== Task instructions ==
All lines below starting at the one that holds "Kamala continued to" and ending at the one that holds "This review focuses" should be printed exactly, ends included. Pictures should not be printed, nor anything else.

********************

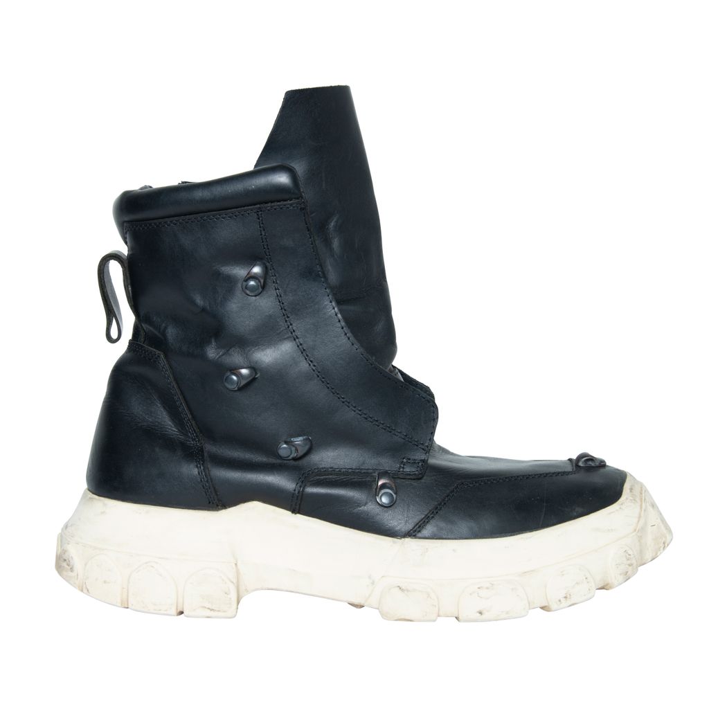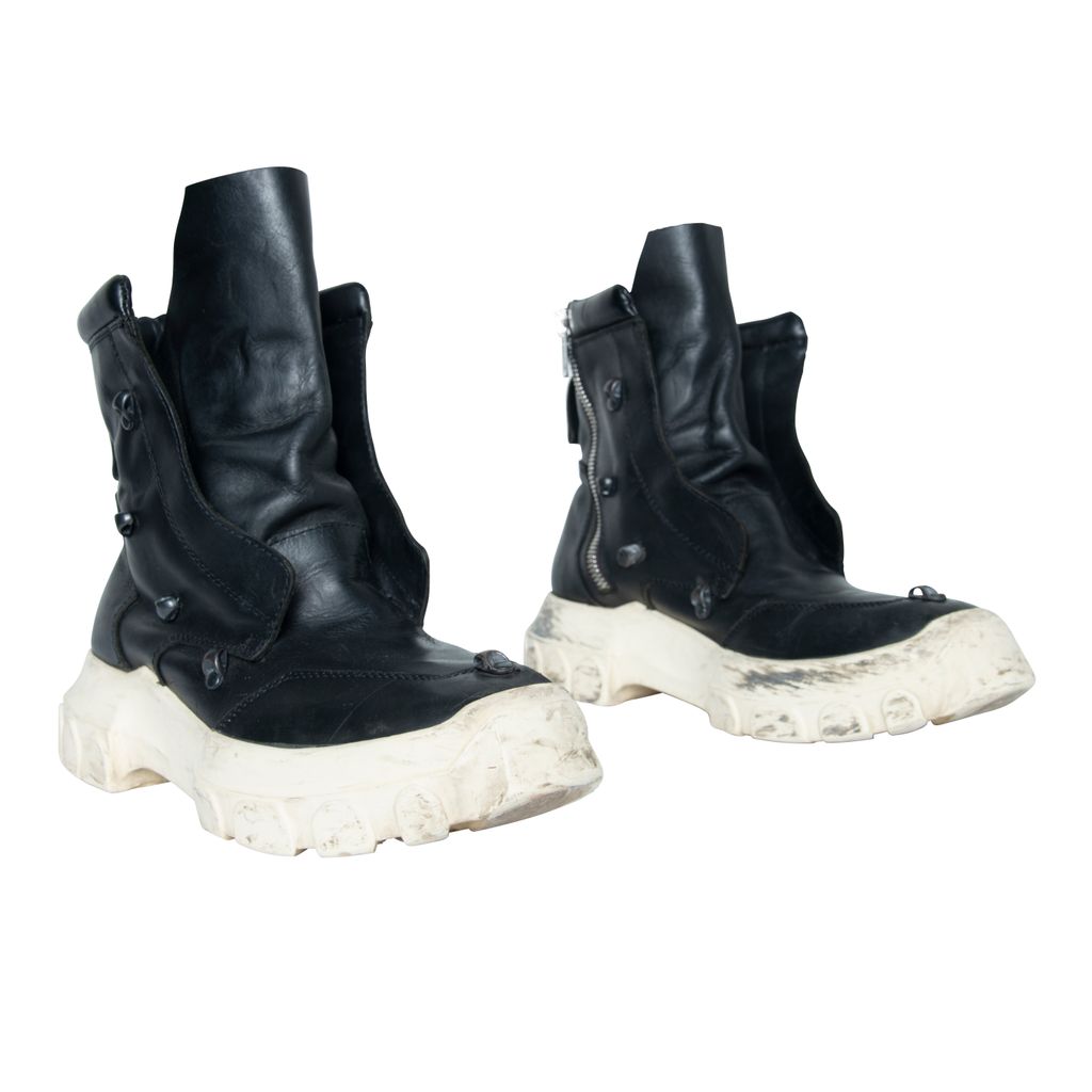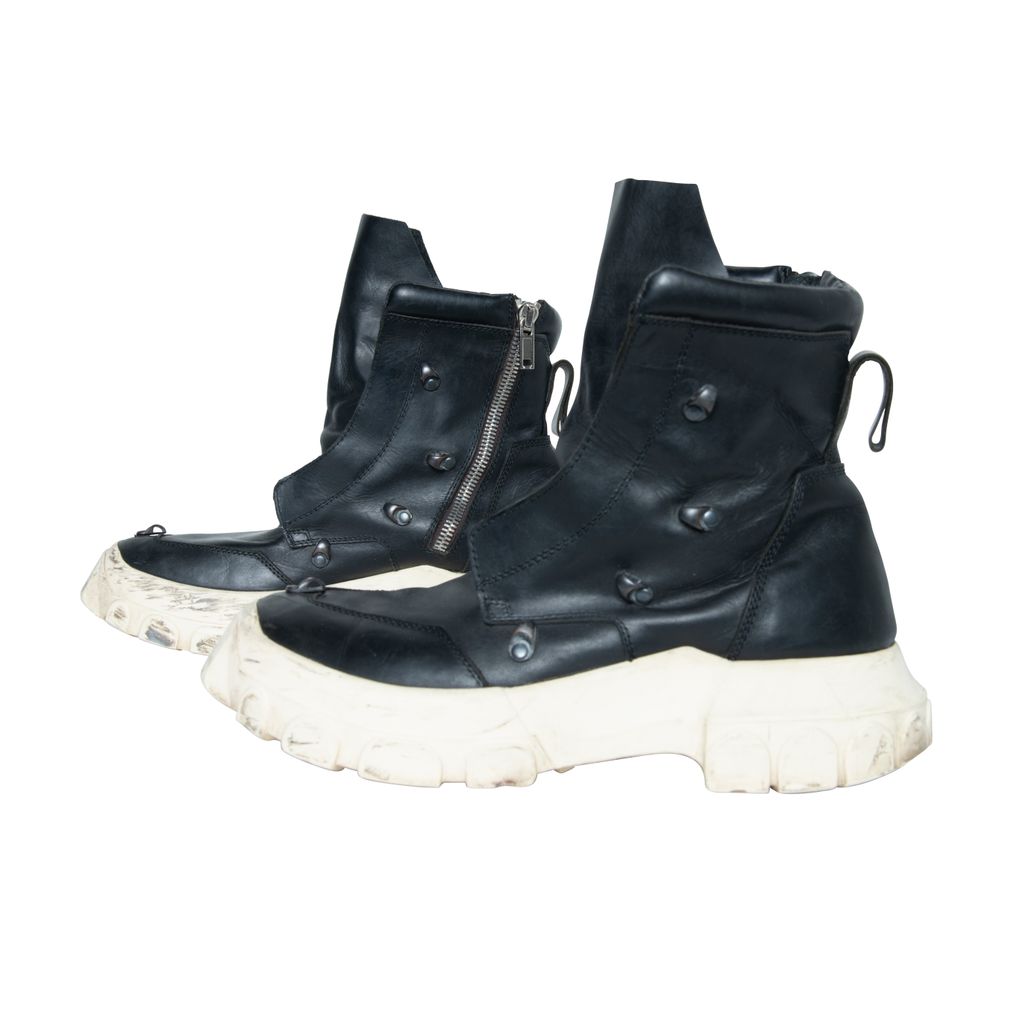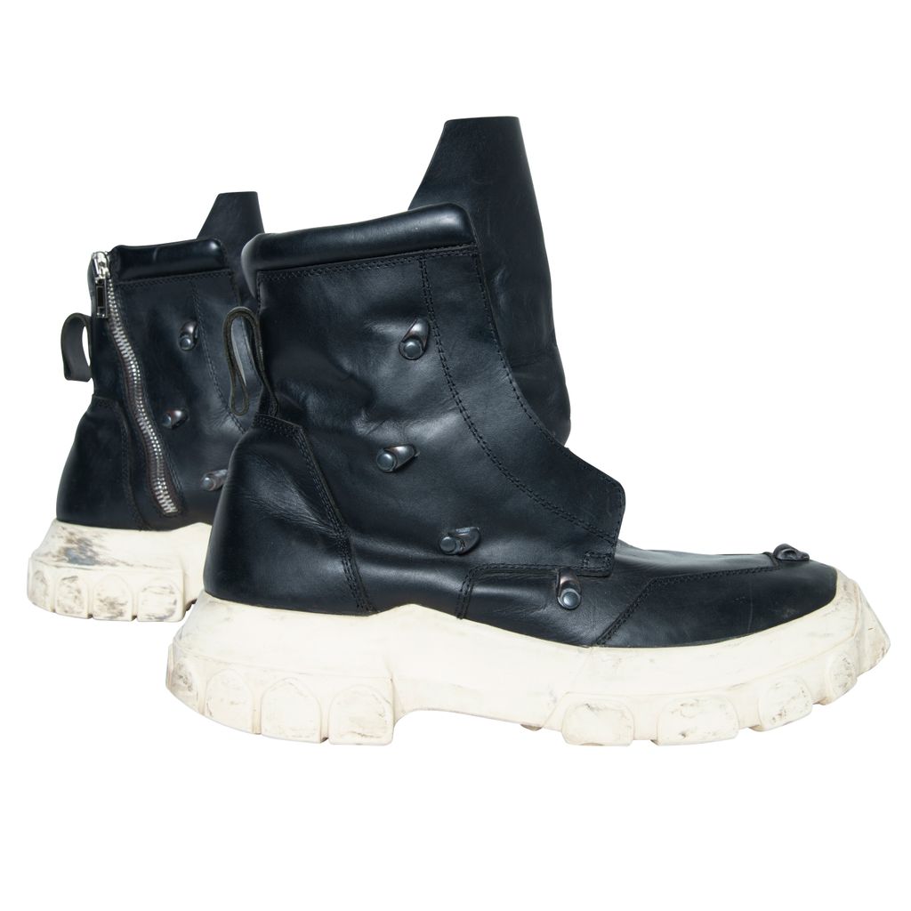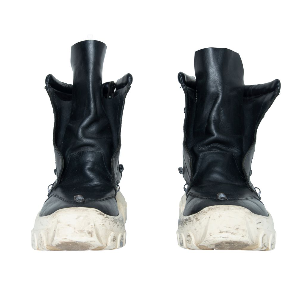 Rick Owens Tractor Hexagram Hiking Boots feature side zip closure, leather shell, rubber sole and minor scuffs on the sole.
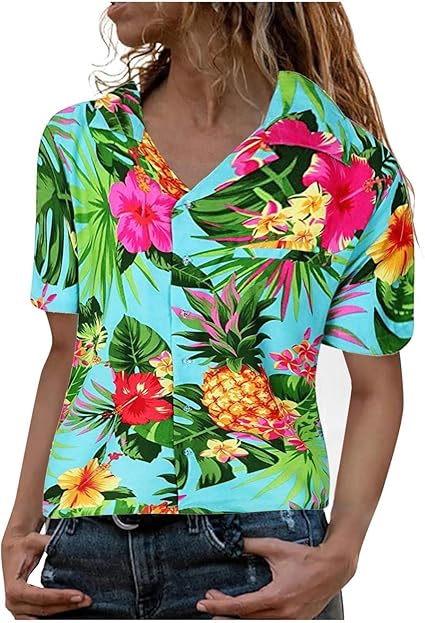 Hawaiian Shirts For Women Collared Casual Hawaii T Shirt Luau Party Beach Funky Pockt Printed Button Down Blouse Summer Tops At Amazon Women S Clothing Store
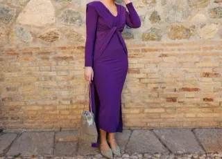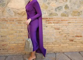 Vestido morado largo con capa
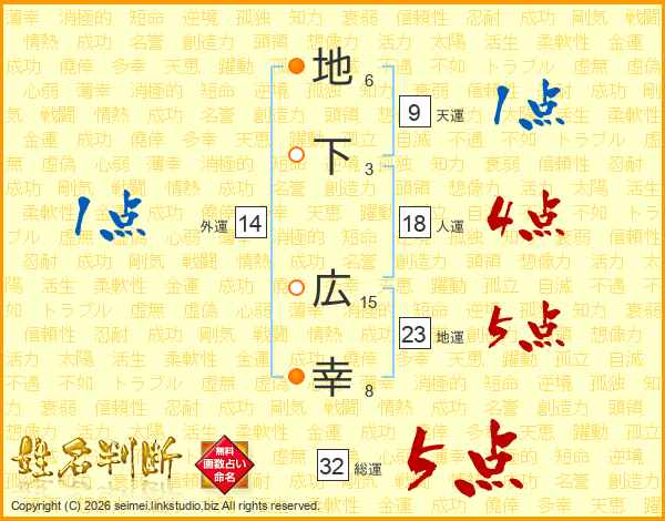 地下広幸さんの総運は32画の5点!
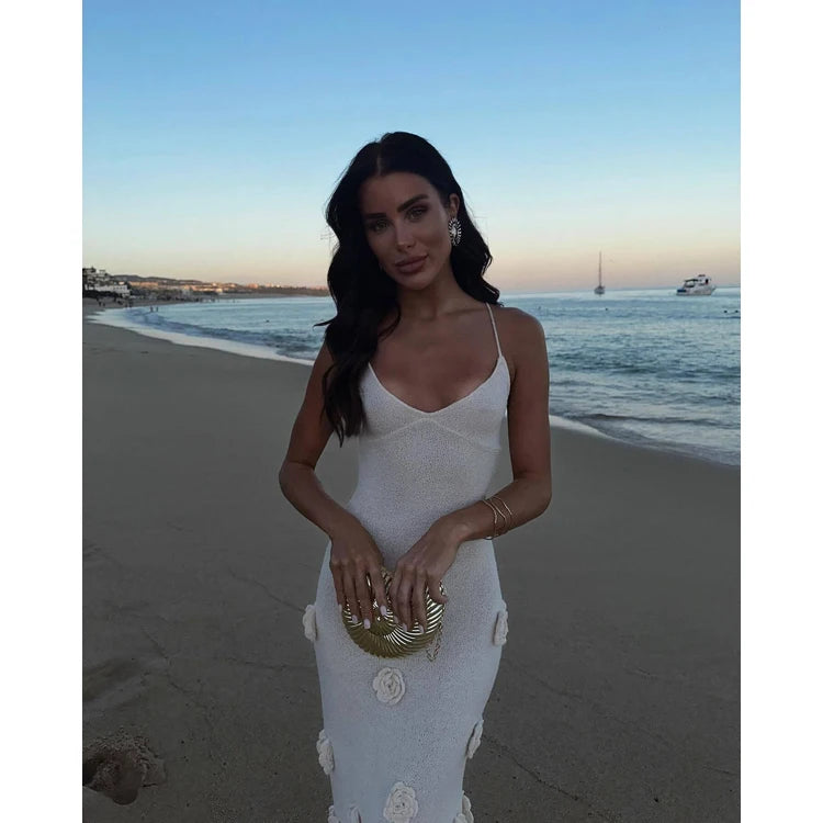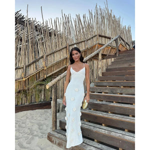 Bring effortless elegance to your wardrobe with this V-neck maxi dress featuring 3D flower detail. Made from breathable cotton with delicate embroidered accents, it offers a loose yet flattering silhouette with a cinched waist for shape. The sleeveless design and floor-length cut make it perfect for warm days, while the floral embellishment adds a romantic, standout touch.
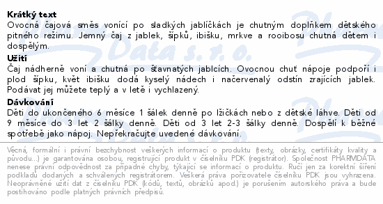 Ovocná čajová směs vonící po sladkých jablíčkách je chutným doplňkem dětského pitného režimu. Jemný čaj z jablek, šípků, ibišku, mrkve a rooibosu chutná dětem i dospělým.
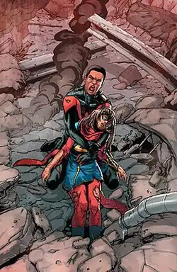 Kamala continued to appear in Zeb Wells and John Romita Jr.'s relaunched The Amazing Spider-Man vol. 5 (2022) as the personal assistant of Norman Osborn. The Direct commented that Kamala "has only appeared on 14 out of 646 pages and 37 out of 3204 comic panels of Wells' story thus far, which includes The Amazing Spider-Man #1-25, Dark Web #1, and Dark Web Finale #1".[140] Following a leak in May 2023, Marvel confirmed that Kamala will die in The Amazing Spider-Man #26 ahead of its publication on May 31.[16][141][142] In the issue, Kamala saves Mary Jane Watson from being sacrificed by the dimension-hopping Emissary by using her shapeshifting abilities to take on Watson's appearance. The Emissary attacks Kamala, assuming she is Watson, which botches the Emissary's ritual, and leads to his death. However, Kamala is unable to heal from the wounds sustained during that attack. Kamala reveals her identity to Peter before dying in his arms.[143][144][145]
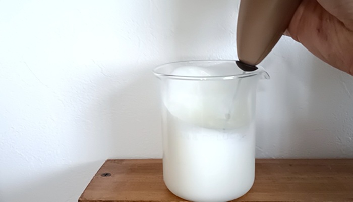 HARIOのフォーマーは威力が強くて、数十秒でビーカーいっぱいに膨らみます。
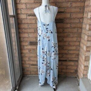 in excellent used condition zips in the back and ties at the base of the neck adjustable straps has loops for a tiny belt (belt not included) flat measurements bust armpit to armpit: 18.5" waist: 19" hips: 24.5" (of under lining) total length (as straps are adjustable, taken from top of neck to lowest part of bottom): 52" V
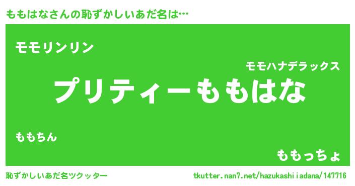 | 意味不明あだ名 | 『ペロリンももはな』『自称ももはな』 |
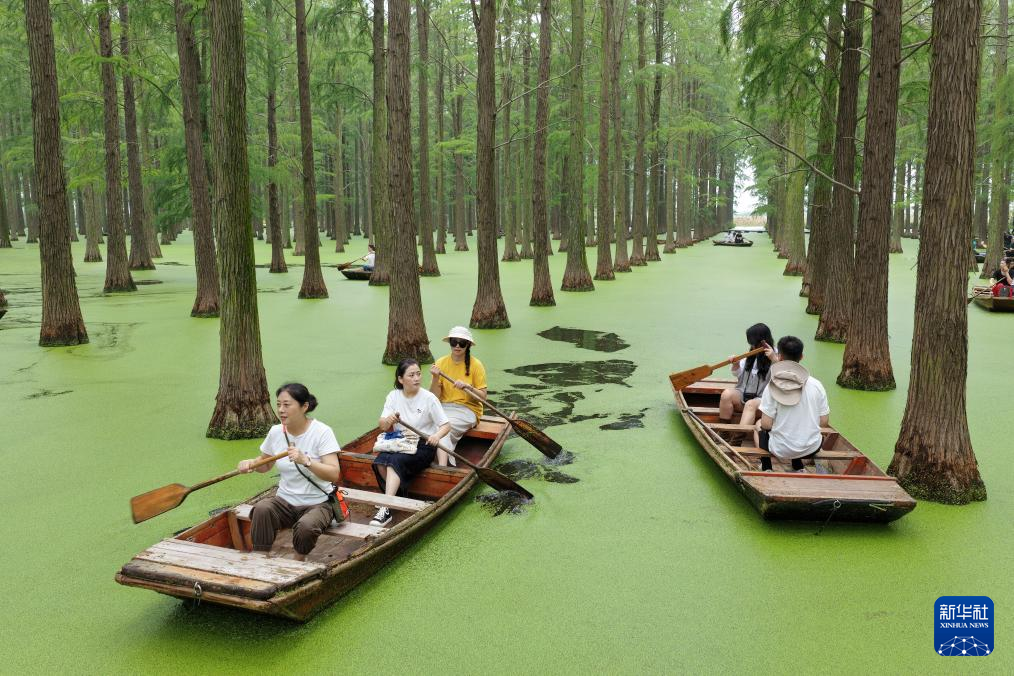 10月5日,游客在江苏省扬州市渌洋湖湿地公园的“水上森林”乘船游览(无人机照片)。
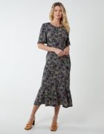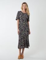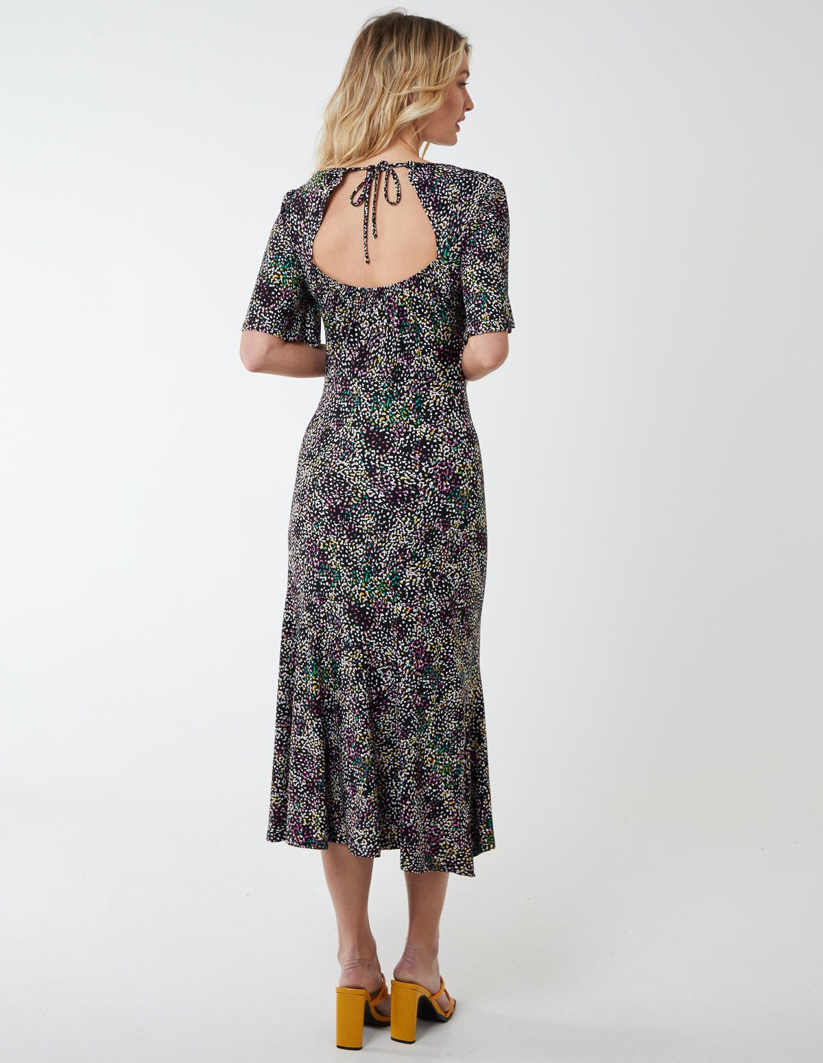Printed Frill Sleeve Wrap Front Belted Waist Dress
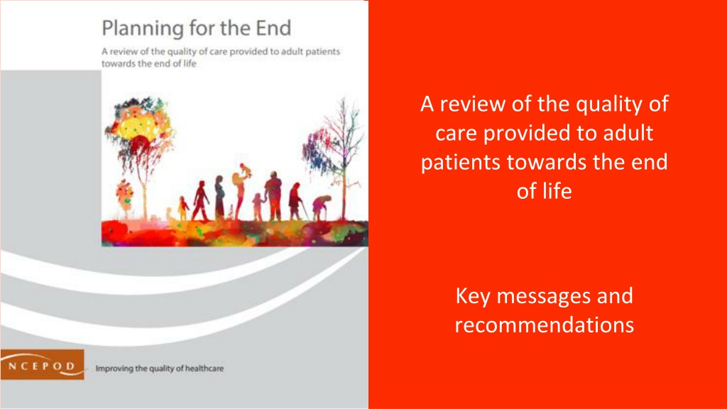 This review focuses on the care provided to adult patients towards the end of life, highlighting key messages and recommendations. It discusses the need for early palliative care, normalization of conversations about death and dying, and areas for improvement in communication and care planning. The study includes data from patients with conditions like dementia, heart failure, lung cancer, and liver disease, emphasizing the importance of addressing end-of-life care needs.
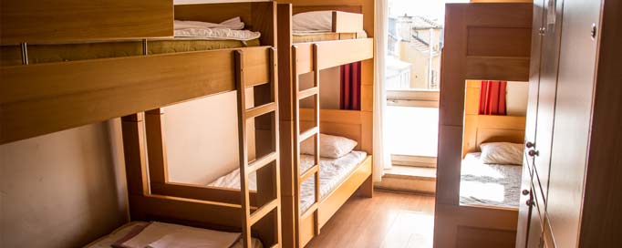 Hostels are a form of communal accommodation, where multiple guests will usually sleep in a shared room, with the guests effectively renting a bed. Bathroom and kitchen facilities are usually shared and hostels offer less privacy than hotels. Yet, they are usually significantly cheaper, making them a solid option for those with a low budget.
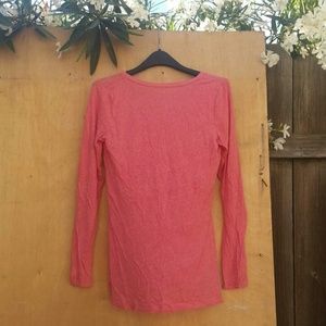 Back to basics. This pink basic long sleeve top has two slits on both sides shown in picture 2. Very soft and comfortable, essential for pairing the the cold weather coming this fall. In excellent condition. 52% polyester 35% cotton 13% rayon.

********************

== Solution to this task ==
 Kamala continued to appear in Zeb Wells and John Romita Jr.'s relaunched The Amazing Spider-Man vol. 5 (2022) as the personal assistant of Norman Osborn. The Direct commented that Kamala "has only appeared on 14 out of 646 pages and 37 out of 3204 comic panels of Wells' story thus far, which includes The Amazing Spider-Man #1-25, Dark Web #1, and Dark Web Finale #1".[140] Following a leak in May 2023, Marvel confirmed that Kamala will die in The Amazing Spider-Man #26 ahead of its publication on May 31.[16][141][142] In the issue, Kamala saves Mary Jane Watson from being sacrificed by the dimension-hopping Emissary by using her shapeshifting abilities to take on Watson's appearance. The Emissary attacks Kamala, assuming she is Watson, which botches the Emissary's ritual, and leads to his death. However, Kamala is unable to heal from the wounds sustained during that attack. Kamala reveals her identity to Peter before dying in his arms.[143][144][145]
 HARIOのフォーマーは威力が強くて、数十秒でビーカーいっぱいに膨らみます。
 in excellent used condition zips in the back and ties at the base of the neck adjustable straps has loops for a tiny belt (belt not included) flat measurements bust armpit to armpit: 18.5" waist: 19" hips: 24.5" (of under lining) total length (as straps are adjustable, taken from top of neck to lowest part of bottom): 52" V
 | 意味不明あだ名 | 『ペロリンももはな』『自称ももはな』 |
 10月5日,游客在江苏省扬州市渌洋湖湿地公园的“水上森林”乘船游览(无人机照片)。
Printed Frill Sleeve Wrap Front Belted Waist Dress
 This review focuses on the care provided to adult patients towards the end of life, highlighting key messages and recommendations. It discusses the need for early palliative care, normalization of conversations about death and dying, and areas for improvement in communication and care planning. The study includes data from patients with conditions like dementia, heart failure, lung cancer, and liver disease, emphasizing the importance of addressing end-of-life care needs.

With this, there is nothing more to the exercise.